MATLABArsenal

A MATLAB Wrapper for Classification

Developed at:
Informedia
School of Computer Science
Carnegie Mellon University

Version: 0.99 Debug Version
Date: 05.03.2004

 

Overview

MATLABArsenal is a open-source wrapper for the problem of classification written in MATLAB. The main features of the program are the following:

Description

MATLABArsenal is a open-source wrapper written in MATLAB for the problem of supervised learning / classification.

Source Code

The program is free for scientific use. Please contact me, if you are planning to use the software for commercial purposes. The software must not be modified and distributed without prior permission of the author. If you use MATLABArsenal in your scientific work, please cite as

http://finalfantasyxi.inf.cs.cmu.edu/tmp/MATLABArsenal.zip

This wrapper is powered by several other machine learning packages. Their binaries have already been included in this release. If necessary, you can download their lastest version from the following websites,

Installation for MATLAB source code

  1. You can skip this step if you already have a MATLAB environment, otherwises you have to install MATLAB in your machine.

  2. Download the package from http://finalfantasyxi.inf.cs.cmu.edu/tmp/MATLABArsenal.zip

  3. Unzip the .zip files into a arbitrary directory, say $MATLABArsenalRoot

  4. Add the path $MATLABArsenalRoot and its subfolders in MATLAB. Use addpath command or menu File->Set Path.

Then it is ready to go.

 

Installation for binary code

  1. You can skip this step if you already have a Java Runtime environment, otherwises it is better to install Java in your machine (for WEKA).

  2. Download the package from http://finalfantasyxi.inf.cs.cmu.edu/tmp/MATLABArsenalExec.zip

  3. Unzip the .zip files into a arbitrary directory, say $MATLABArsenalRoot

  4. Add the path $MATLABArsenalRoot/bin/win32 to system path.

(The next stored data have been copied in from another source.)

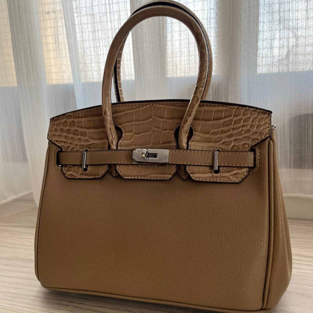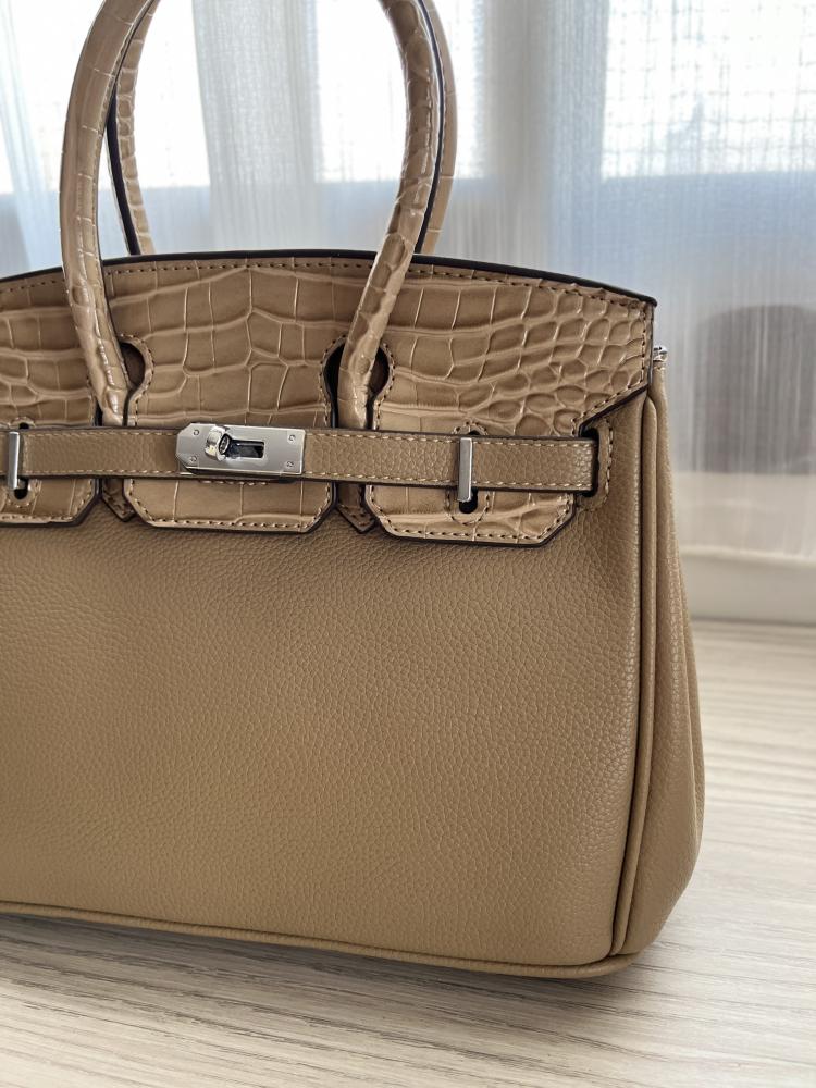 Birken Bag khaki بيركن ( رمادي وبيج )بجلد التمساح بالحجم الوسط 25 سم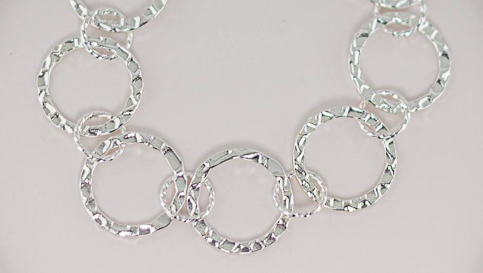 • The sizing of the product is based on the length of the hammered links, with each link measuring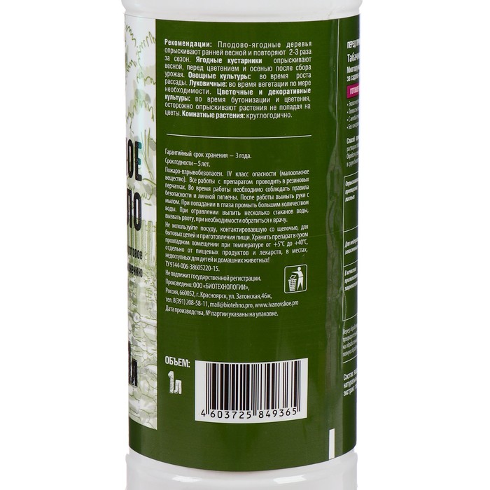Для борьбы с тлей, трипсами, паутинным клещем, слюнявкой-пенницей и другими сосущими 20-40 мл препарата развести в 1 л воды. Полученным раствором производить опрыскивание 1-3 раз в период вегетации. Для борьбы с щитовкой 10-20 мл препарата развести в 1 л воды. Полученным раствором производить опрыскивание 1-3 раз в течение двух недель. Для борьбы с бурой пятнистостью, мучнистой росой, ржавчиной и фитофторозом 10-20 мл препарата развести в 1 л воды. Полученным раствором производить опрыскивание до цветения растений. Для повышения эффективности пестицида в готовый раствор пестицида добавить «табачное мыло» из расчета 25-75 мл но 10 л раствора и перемешать. Обработку проводить в соответствии с инструкцией к пестициду.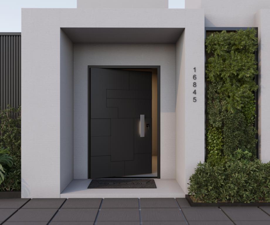 | LABYRINTH PIVOT RH PIVOT Style 61 X 96 RIGHT HAND INSWING FLAT BLACK Color STEEL Material PULL HANDLE #068 SQUARE DEADBOLT 8469 - SINGLE CYLINDER (FLAT BLACK (US19)) SINGLE SQUARE TOP Modern, Contemporary Style solid, Residential, Commercial (Pull Handles and Locks are price separately) | |

  5. Run demo1.bat in the $MATLABArsenalRoot

Then it is ready to go.

 

How to use

This section explains how to use the MATLABArsenal software.

The main module of MATLABArsenal is called "test_classify".

It can be called with the following approaches:

(1) In MATLAB Command line, type

 test_classify('classify -t input_file [options] [--@Evaluation [options]] ...
				-- Classifier [param] [-- Classifiers]); 
For example, the following commands use SVM_LIGHT with RBF kernel('-Kernel 2') to classify, where param is 0.01, cost factor is 3. The first 100 data in TREC03_com.CNN.hstat1 is used as training data, the rest are the testing data. The data features('-n') will be normalized to [0,1] before classificaiton.
   test_classify(strcat(
		'classify -t TREC03_com.CNN.hstat1 -n 1', ...
   		' -- train_test_validate -t 100 ', ...
		' -- train_test_multiple_class ', ... 

		' -- SVM_LIGHT -Kernel 2 -KernelParam 0.01 -CostFactor 3'));

You might need to run

clear global preprocess; 

before classification to clean the global variable "preprocess"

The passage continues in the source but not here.